Spiritual but not religious, new age and omnist
Holy Trinity - God - GCSE Religious Studies Revision - WJEC - BBC Bitesize

Relationship shows how these three entities have the same foundation-essence/divinity/god.

How people interpret it depends. The church also teaches the trinity is a mystery, so to me it can only be experienced in mass

Now you desribe tritheism. Christians do NOT believe in three beings/gods/entities.

Christians believe in only one God. Thay believe God is only one Being shared by three persons. Christianity is monotheism. Christianity is NOT polytheism.

Why can you not admit you are wrong?
 

Rival

se Dex me saut.
Staff member
Premium Member
If you're referring to me please ready posts. The last one specifically. I wasn't indoctrinated and not a theologian so I don't speak christian lingo to describe the same thing they do.

Also, the red throws it off and counterproductive if you intended me to read this.
Not just you, but there seem to be others who don't get it and it's endlessly frustrating because honestly this is basic Christian teaching. It's been 5 pages now and if folks are confused about basic stuff like Jesus being God then I honestly, really don't know what to say.

I don't know what kind of Catholics you've been around but with all kindness, I can assure you that that all believe Jesus is God and all things were created through him. If they don't they're effectively holding heretical beliefs.
 

Unveiled Artist

Veteran Member
If they do not believe Jesus is the creator then they can not believe he is God. Because according to most christians in the world (and the offical trinity doctrine) God is the creator.

So if they believe Jesus is not God then they do not believe in the trinity. They believe in a christian heresy called unitarianism

And if they believe Jesus is God but at the same time they believe Jesus is not the creator then they do not believe in the trinity. They believe in a christian heresy called tritheism

And by the way you do not understand the offical trinity doctrine.

You're getting stuck on words.

http://catholicnewsherald.com/news/entertainment/101-news/faith/364-the-nicene-creed-and-its-origins

.... Jesus is in a unique relationship with God the Father. While Hebrew kings were sons of God symbolically (see Psalm 2), Jesus is the only Son of God by nature.
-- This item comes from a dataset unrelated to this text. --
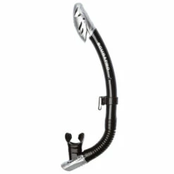 La partie supérieure, de large diamètre, est rigide pour une meilleure stabilité et pour fournir un volume d’air plus grand tandis que la partie basse, annelée, est facile à utiliser et ne gêne pas lorsqu’on ne se sert pas du tuba.
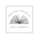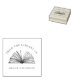 The stamp features a curved elegant text on the top and a gorgeous image of an open book at the centre. Below the image is a name you can replace with yours.

BORN OF THE FATHER BEFORE ALL AGES

Begotten has the meaning of born, generated, or produced. God the Son is born out of the essence of God the Father. Just as a child shares the same humanness as his or her parents, the Son shares the essential nature of God with the Father. Since God is eternal, the Son, being begotten of God, is also eternal.....

Christians don't see the difference.

That's okay.

Relationship is still used and it's not a tritheism. That's not taught in the church.
 

Unveiled Artist

Veteran Member
Now you desribe tritheism. Christians do NOT believe in three beings/gods/entities.

Christians believe in only one God. Thay believe God is only one Being shared by three persons. Christianity is monotheism. Christianity is NOT polytheism.

Why can you not admit you are wrong?

I'm not sure where you got this, though.

I never said it was polytheism.

Tritheism isn't taught in the church.

What are you talking about?
 

Unveiled Artist

Veteran Member
Not just you, but there seem to be others who don't get it and it's endlessly frustrating because honestly this is basic Christian teaching. It's been 5 pages now and if folks are confused about basic stuff like Jesus being God then I honestly, really don't know what to say.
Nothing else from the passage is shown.